■ **TASK TO COMPLETE**
Look through the records below for the line with "전남학부모회연합회(회장 최효진)가 2023년" and the line with "Женское кольцо из", then return those lines and all lines between, exactly.

■ **STUDY MATERIAL**
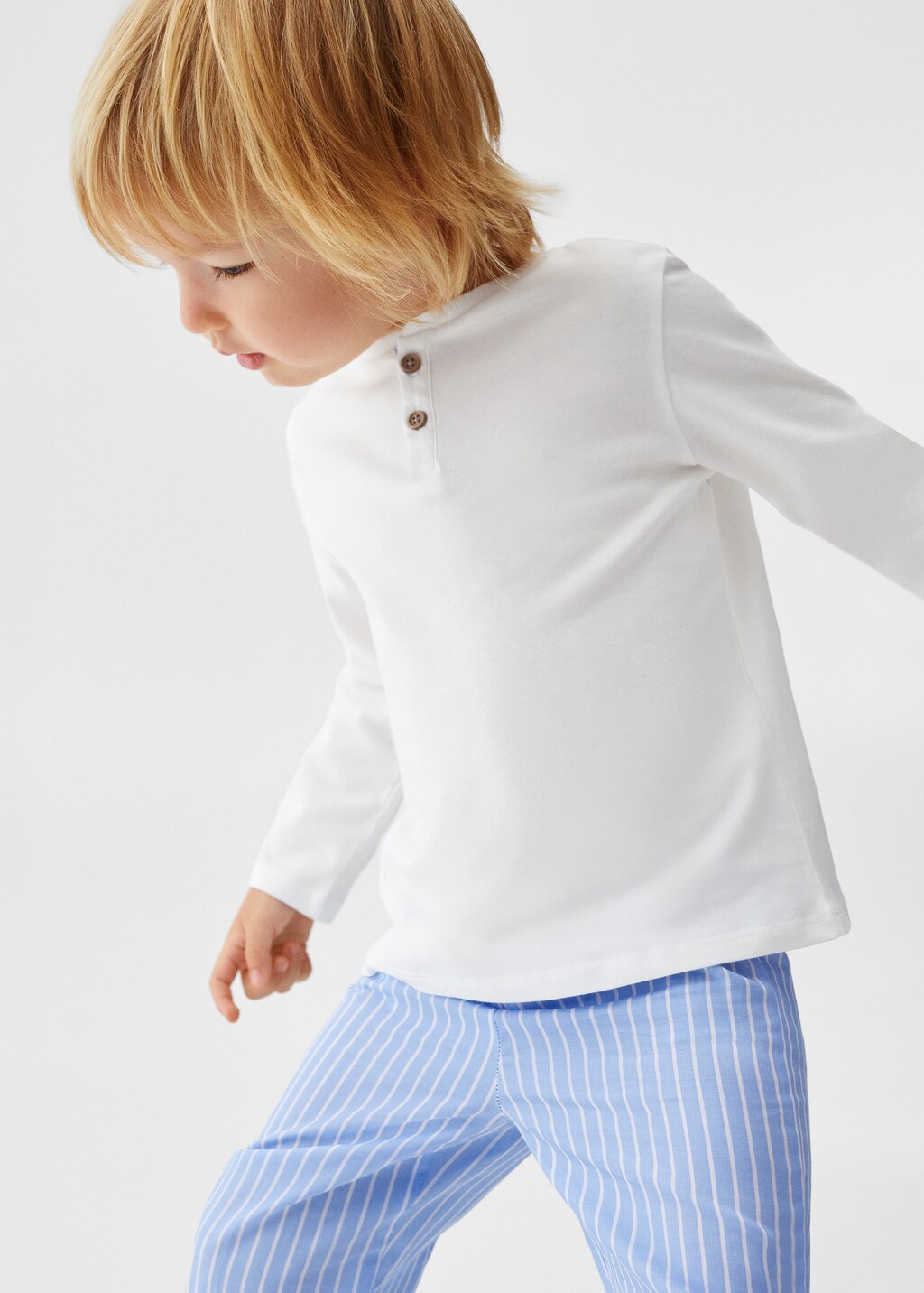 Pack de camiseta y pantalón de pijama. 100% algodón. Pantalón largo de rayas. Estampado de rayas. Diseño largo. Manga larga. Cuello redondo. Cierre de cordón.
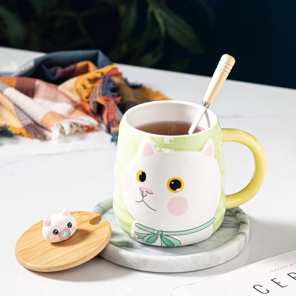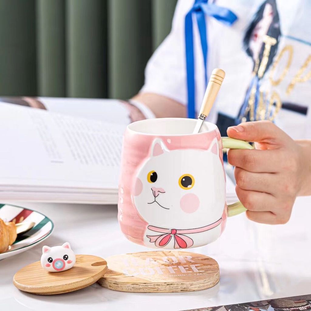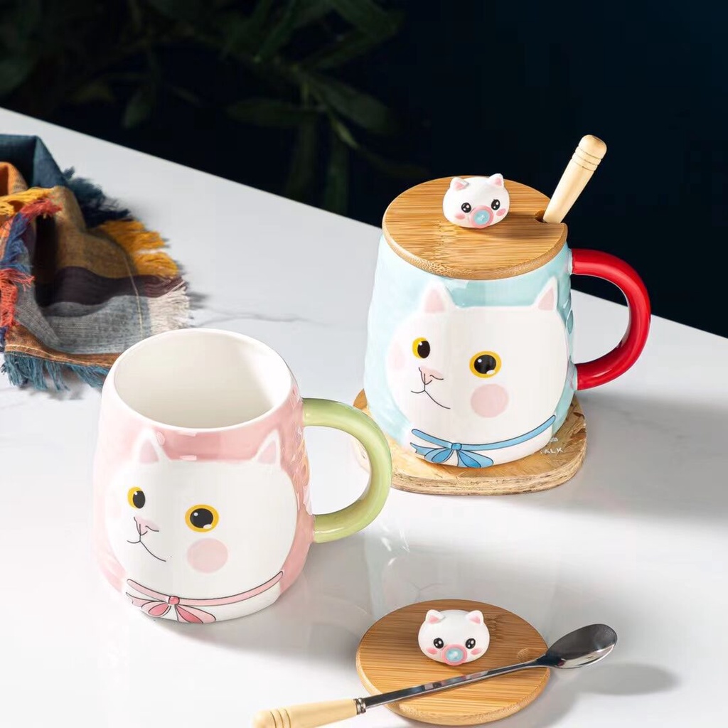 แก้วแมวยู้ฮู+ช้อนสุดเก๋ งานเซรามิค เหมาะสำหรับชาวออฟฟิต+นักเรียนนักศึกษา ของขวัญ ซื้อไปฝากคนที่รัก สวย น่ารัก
---
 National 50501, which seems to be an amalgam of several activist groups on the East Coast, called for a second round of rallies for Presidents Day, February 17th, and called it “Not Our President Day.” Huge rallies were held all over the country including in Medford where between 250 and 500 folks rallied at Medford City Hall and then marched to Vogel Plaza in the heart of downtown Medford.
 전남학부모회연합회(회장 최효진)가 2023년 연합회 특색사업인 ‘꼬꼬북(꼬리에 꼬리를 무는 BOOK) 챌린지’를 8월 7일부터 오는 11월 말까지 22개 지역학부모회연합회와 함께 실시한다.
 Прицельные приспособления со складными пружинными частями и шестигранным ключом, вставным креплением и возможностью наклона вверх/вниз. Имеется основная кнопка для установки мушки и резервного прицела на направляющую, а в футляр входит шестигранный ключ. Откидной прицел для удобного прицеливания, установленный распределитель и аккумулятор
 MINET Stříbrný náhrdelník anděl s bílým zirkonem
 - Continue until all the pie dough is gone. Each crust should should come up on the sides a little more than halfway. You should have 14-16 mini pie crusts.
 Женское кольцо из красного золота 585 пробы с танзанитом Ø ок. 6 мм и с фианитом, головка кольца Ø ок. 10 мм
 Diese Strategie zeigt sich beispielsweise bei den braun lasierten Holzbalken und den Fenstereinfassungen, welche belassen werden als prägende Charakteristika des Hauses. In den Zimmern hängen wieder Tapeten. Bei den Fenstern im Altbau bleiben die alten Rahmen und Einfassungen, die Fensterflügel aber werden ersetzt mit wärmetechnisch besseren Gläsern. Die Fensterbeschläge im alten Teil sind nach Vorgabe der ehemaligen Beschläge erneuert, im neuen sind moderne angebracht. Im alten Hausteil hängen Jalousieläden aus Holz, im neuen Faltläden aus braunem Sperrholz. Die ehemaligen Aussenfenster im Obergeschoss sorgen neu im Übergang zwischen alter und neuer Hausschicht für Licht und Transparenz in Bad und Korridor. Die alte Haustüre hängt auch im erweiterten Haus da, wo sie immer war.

■ **OUTPUT**
 전남학부모회연합회(회장 최효진)가 2023년 연합회 특색사업인 ‘꼬꼬북(꼬리에 꼬리를 무는 BOOK) 챌린지’를 8월 7일부터 오는 11월 말까지 22개 지역학부모회연합회와 함께 실시한다.
 Прицельные приспособления со складными пружинными частями и шестигранным ключом, вставным креплением и возможностью наклона вверх/вниз. Имеется основная кнопка для установки мушки и резервного прицела на направляющую, а в футляр входит шестигранный ключ. Откидной прицел для удобного прицеливания, установленный распределитель и аккумулятор
 MINET Stříbrný náhrdelník anděl s bílým zirkonem
 - Continue until all the pie dough is gone. Each crust should should come up on the sides a little more than halfway. You should have 14-16 mini pie crusts.
 Женское кольцо из красного золота 585 пробы с танзанитом Ø ок. 6 мм и с фианитом, головка кольца Ø ок. 10 мм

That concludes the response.